From the Monitoring page, you can see:
  • How many physical locations are registered with the platform
Click the Physical locations card to see:
  • The current vCPU use and requests for each physical location
  • The current memory use and requests for each physical location
You can select a physical location to see:
  • The historical vCPU and memory use for the physical location
  • The pods that are associated with the physical location

Events and alerts

An alert is triggered by an event or a series of events. The severity of an event indicates that an issue occurred or that there is a potential issue.

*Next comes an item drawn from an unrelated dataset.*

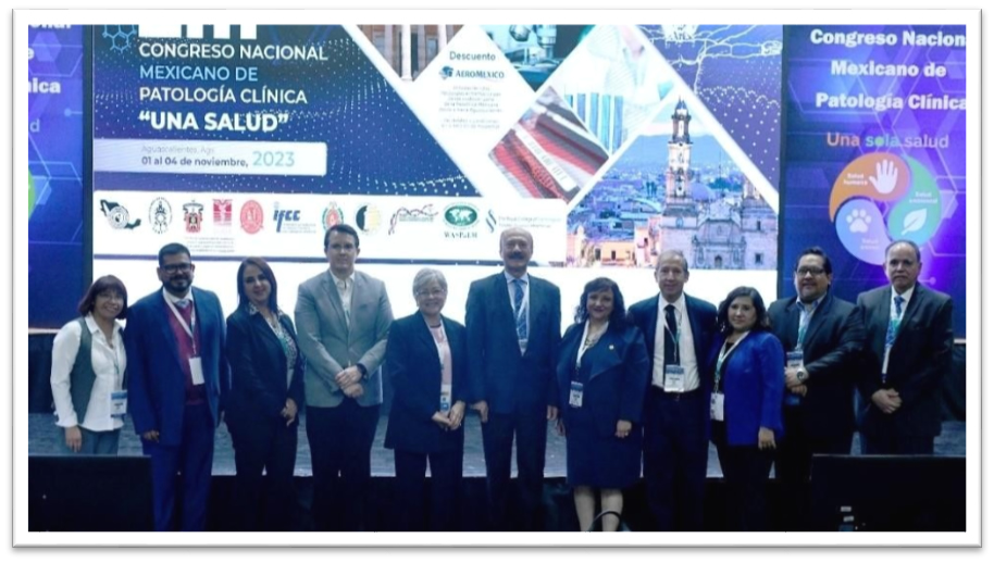 También, el intercambio que se dio en el 1er Simposio conjunto de patología clínica veterinaria y humana de México, con la participación del Colegio de Patólogos Clínicos del Centro y que coordinaron los Dres. Jorge M. Sánchez González y Jesús Rosillo de León entre otros miembros de la FEMPAC. Igualmente los MVZ bridaron temas interesantes como: Impacto de los laboratorios de patología clínica veterinaria en “una salud” por Luis Núñez Ochoa, MVZ, PhD, Presidente fundador de la Sociedad Latinoamericana de Patología Clínica Veterinaria y Certificación en Patología Diagnóstica (SLAPCVCPD), “Enfermedades parasitarias” por Araceli Lima Melo, MVZ, MSc., profesora de Licenciatura y Posgrado (Patología Clínica) en la FMVZ. UNAM. Titular y miembro de la mesa directiva de la SLAPCVCPD, “Leptospirosis” por Karla Mollinedo Beltrán, MVZ, PhD., directora del laboratorio experto sur y que es académica y miembro titular de la SLAPCVCPD; también “Enfermedades micóticas sistémicas” por Verónica Ortiz Encinas, MVZ, MSc., directora general del laboratorio de análisis clínicos veterinarios de Sonora y miembro activo de la SLAPCV. Se resalta el cómo consideraron los profesores, la relevancia de la iniciativa mundial de “Una Salud” ceñida a la práctica profesional en las conferencias presentadas al igual de los estudios de laboratorio que debemos compartir y estandarizar.

From the Monitoring page, you can see:
  • The number of critical alerts
  • The number of warning alerts

If you click on any of these entries, you are taken to a filtered list of alerts or events based on the entry you selected.

If you click the View all events and alerts arrow on the Alerts card, you can a complete list of events.

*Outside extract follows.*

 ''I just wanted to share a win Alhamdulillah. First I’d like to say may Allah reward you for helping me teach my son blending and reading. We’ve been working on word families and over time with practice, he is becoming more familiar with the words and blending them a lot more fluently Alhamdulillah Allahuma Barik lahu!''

You can optionally customize the events that trigger alerts. For details, see Monitoring and alerting in Cloud Pak for Data.

Setting and enforcing quotas

A quota is a way for you to specify the maximum amount of memory and vCPU you want the platform, a specific service, or a project to use. A quota is a target against which you can measure your actual memory and vCPU use. A quota acts as a benchmark to let you know when your vCPU or memory use is approaching or surpassing your target use.

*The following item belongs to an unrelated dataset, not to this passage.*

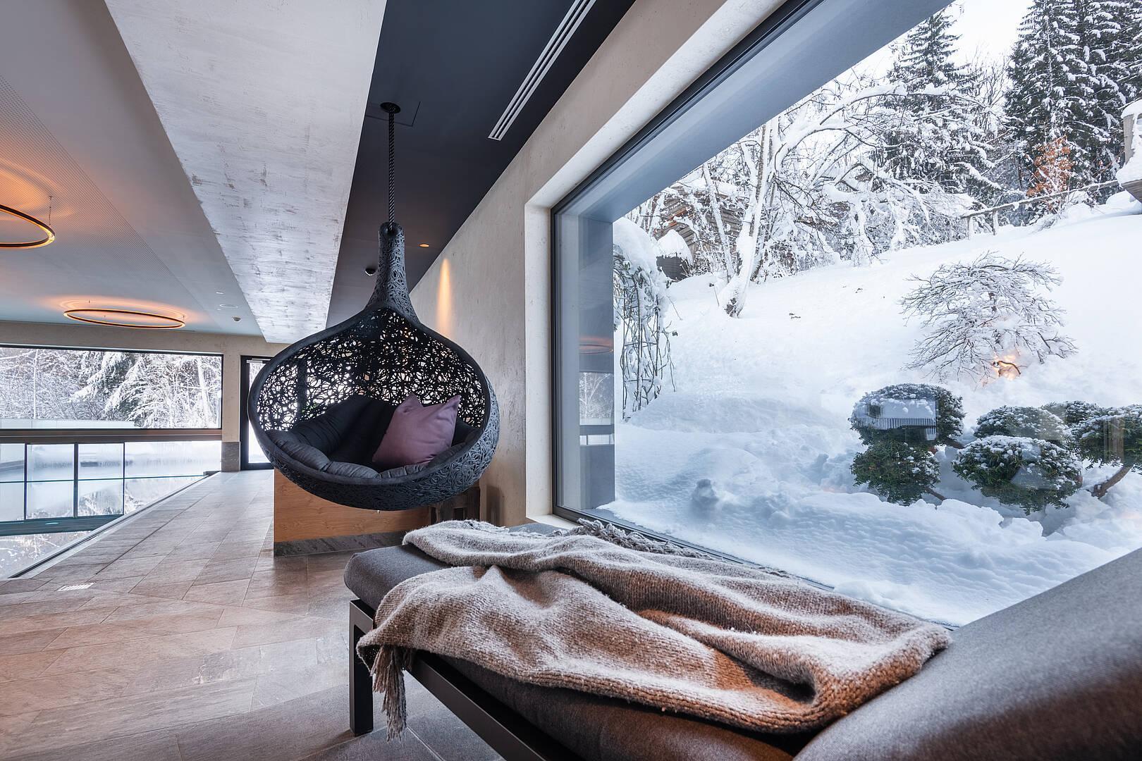 Große Liegen mit Blick in die Zillertaler Berge und in die Natur am Waldrand machen diese Plätze zu besonderen Rückzugsorten im Rooftop Spa. Ein Highlight für Kinder und Jugendliche sind die Hängelounges, die gerne zum Chillen und Relaxen genutzt werden.

Note: Setting a quota is not the same thing as scaling.

Scaling impacts the overall capacity of a service by adjusting the number of pods in the service. (You can also scale the Cloud Pak for Data control plane.) When you scale a service up, the service becomes more resilient. Additionally, the service might have increased parallel processing capacity.

Setting a quota on a service does not change the scale. Scale and quota are independent settings.

In addition to setting a quota, you can optionally enable quota enforcement. When you enforce quotas, new pods cannot be created if the pods would push your resource use above your quota.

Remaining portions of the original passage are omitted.